Records for this exercise
———

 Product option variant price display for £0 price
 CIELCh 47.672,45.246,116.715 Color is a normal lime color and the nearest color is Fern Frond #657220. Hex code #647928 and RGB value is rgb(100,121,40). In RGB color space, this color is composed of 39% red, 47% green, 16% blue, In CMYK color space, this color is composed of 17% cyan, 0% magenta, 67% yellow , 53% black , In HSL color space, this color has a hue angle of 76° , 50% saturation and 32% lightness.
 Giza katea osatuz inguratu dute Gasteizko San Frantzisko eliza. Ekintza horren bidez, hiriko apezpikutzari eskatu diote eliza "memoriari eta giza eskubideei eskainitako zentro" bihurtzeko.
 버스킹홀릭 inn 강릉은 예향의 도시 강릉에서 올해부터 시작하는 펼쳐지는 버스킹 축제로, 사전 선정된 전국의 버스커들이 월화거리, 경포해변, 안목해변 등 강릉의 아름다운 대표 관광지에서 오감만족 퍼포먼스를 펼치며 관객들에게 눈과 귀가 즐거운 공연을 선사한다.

———

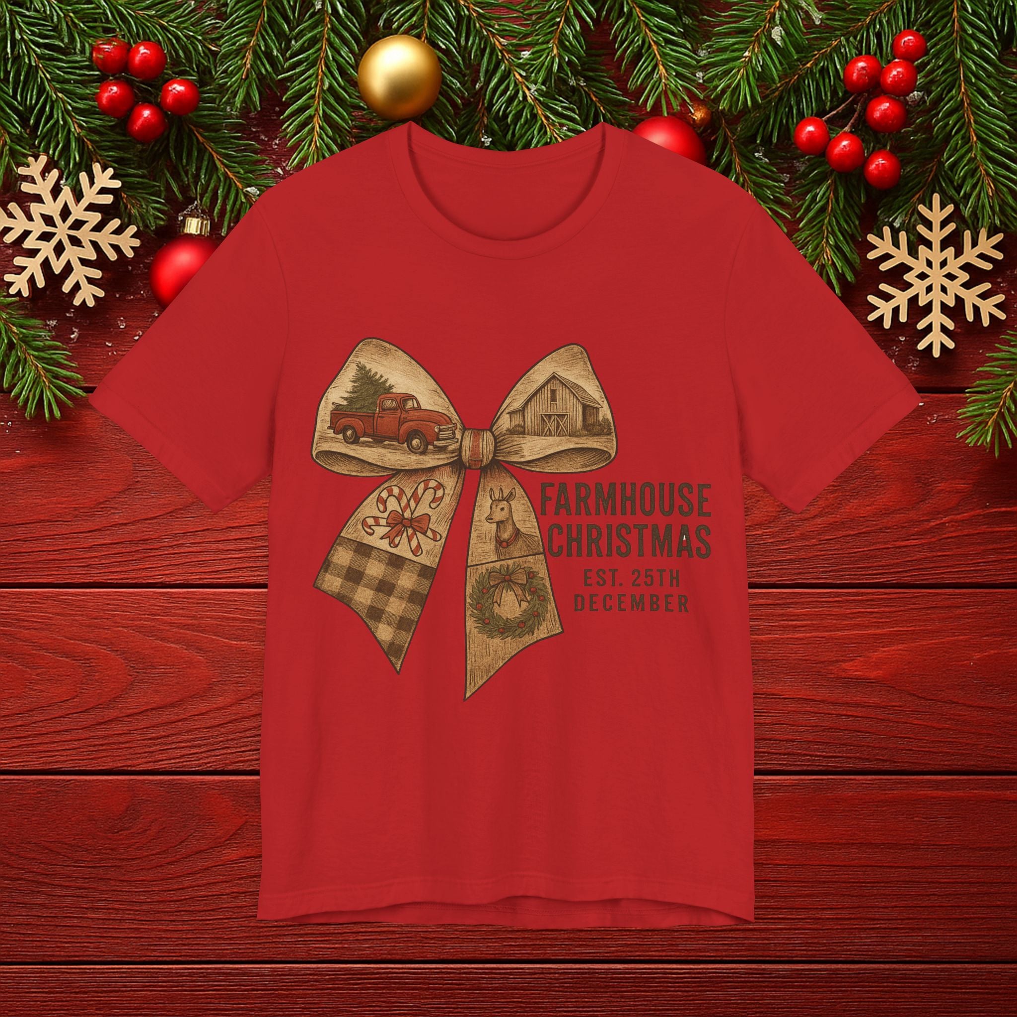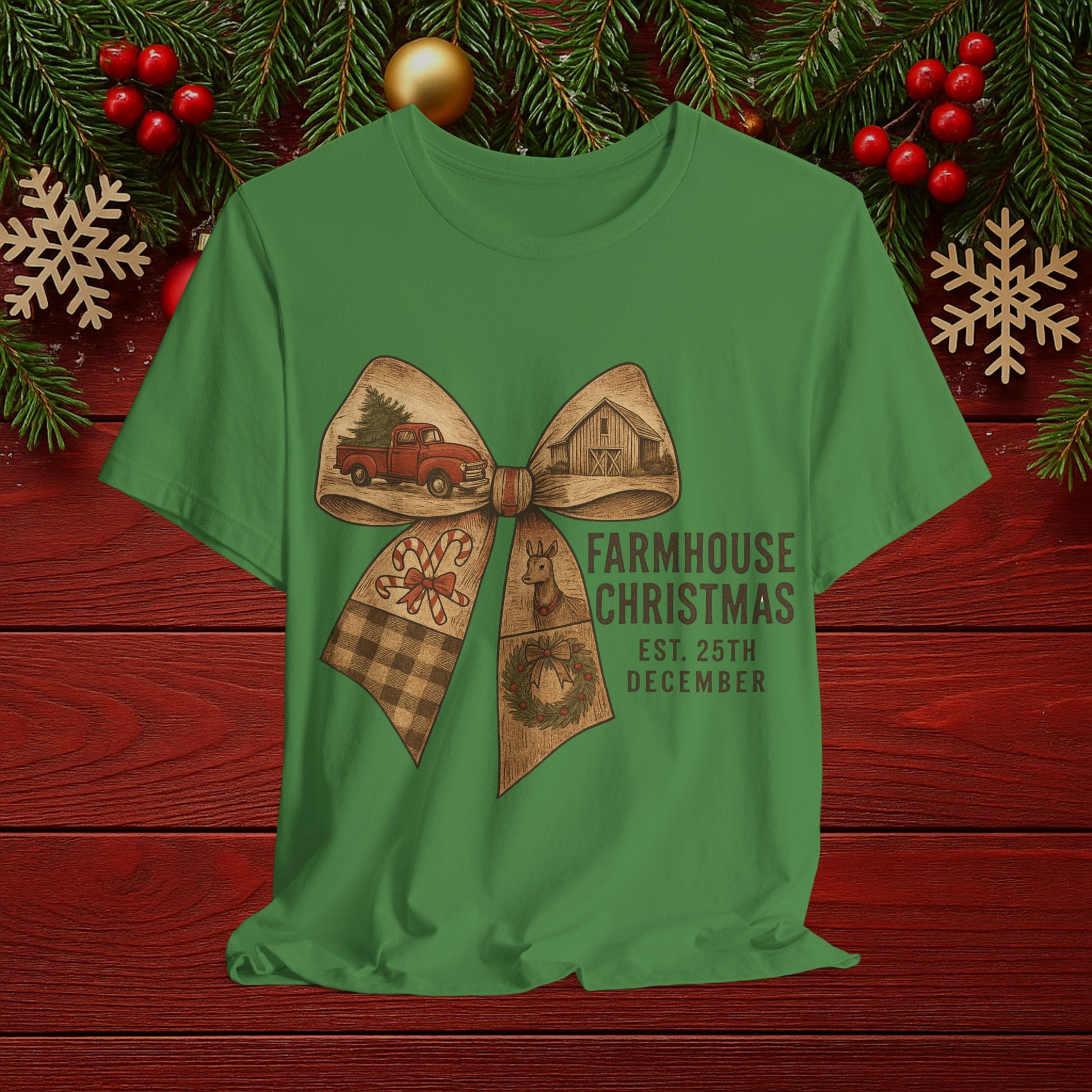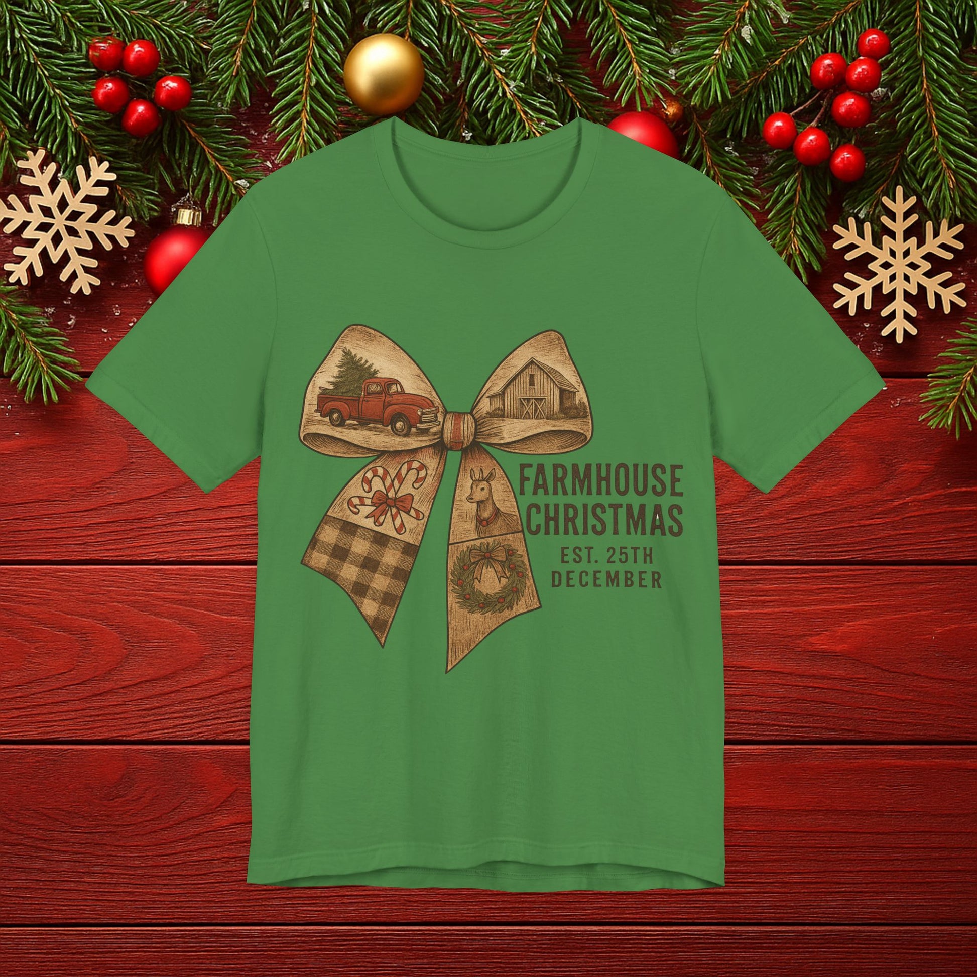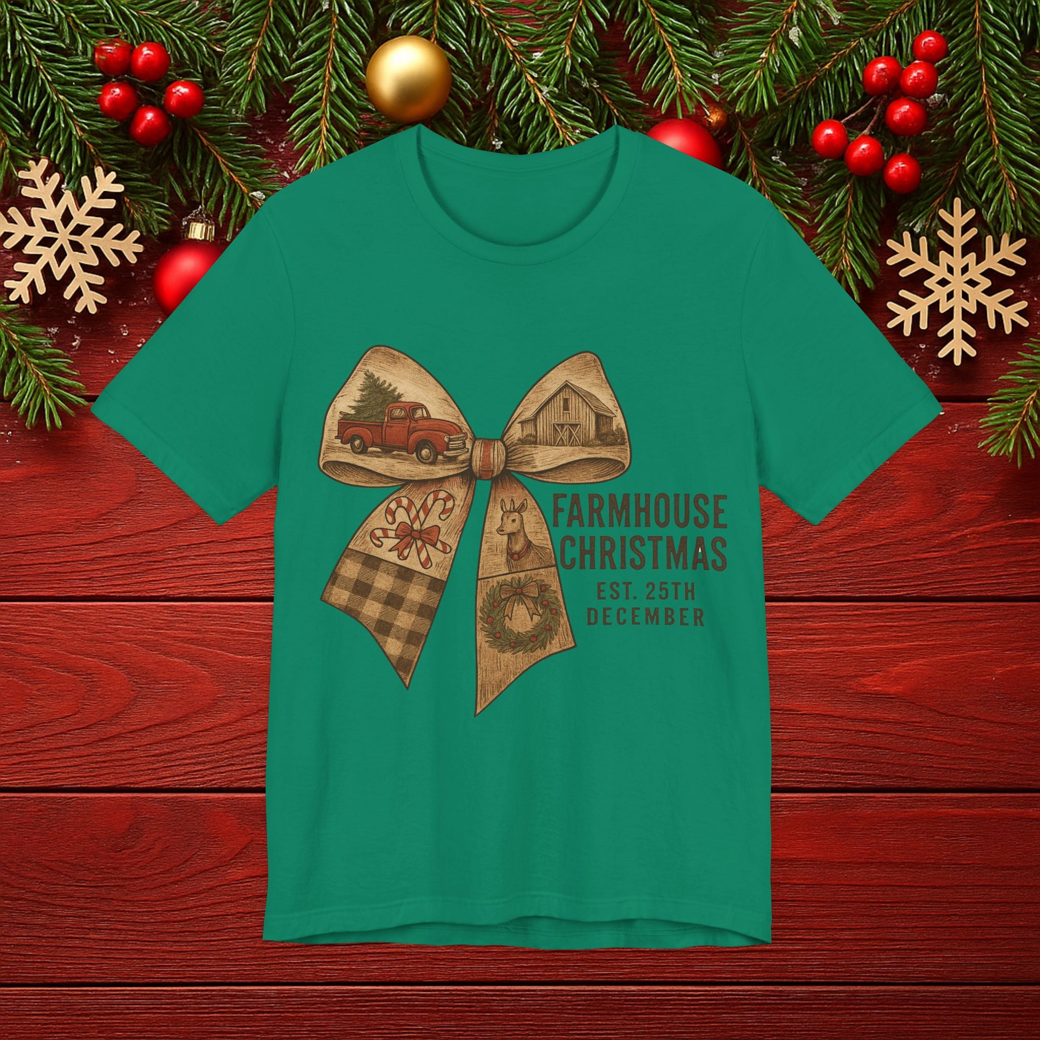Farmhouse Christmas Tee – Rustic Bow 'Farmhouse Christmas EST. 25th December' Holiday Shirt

———

Task details
Proceeding from the line containing "CIELCh 47.672,45.246,116.715 Color" through the line containing "버스킹홀릭 inn 강릉은", transcribe the lines above exactly, both end lines included.

Result of this task
 CIELCh 47.672,45.246,116.715 Color is a normal lime color and the nearest color is Fern Frond #657220. Hex code #647928 and RGB value is rgb(100,121,40). In RGB color space, this color is composed of 39% red, 47% green, 16% blue, In CMYK color space, this color is composed of 17% cyan, 0% magenta, 67% yellow , 53% black , In HSL color space, this color has a hue angle of 76° , 50% saturation and 32% lightness.
 Giza katea osatuz inguratu dute Gasteizko San Frantzisko eliza. Ekintza horren bidez, hiriko apezpikutzari eskatu diote eliza "memoriari eta giza eskubideei eskainitako zentro" bihurtzeko.
 버스킹홀릭 inn 강릉은 예향의 도시 강릉에서 올해부터 시작하는 펼쳐지는 버스킹 축제로, 사전 선정된 전국의 버스커들이 월화거리, 경포해변, 안목해변 등 강릉의 아름다운 대표 관광지에서 오감만족 퍼포먼스를 펼치며 관객들에게 눈과 귀가 즐거운 공연을 선사한다.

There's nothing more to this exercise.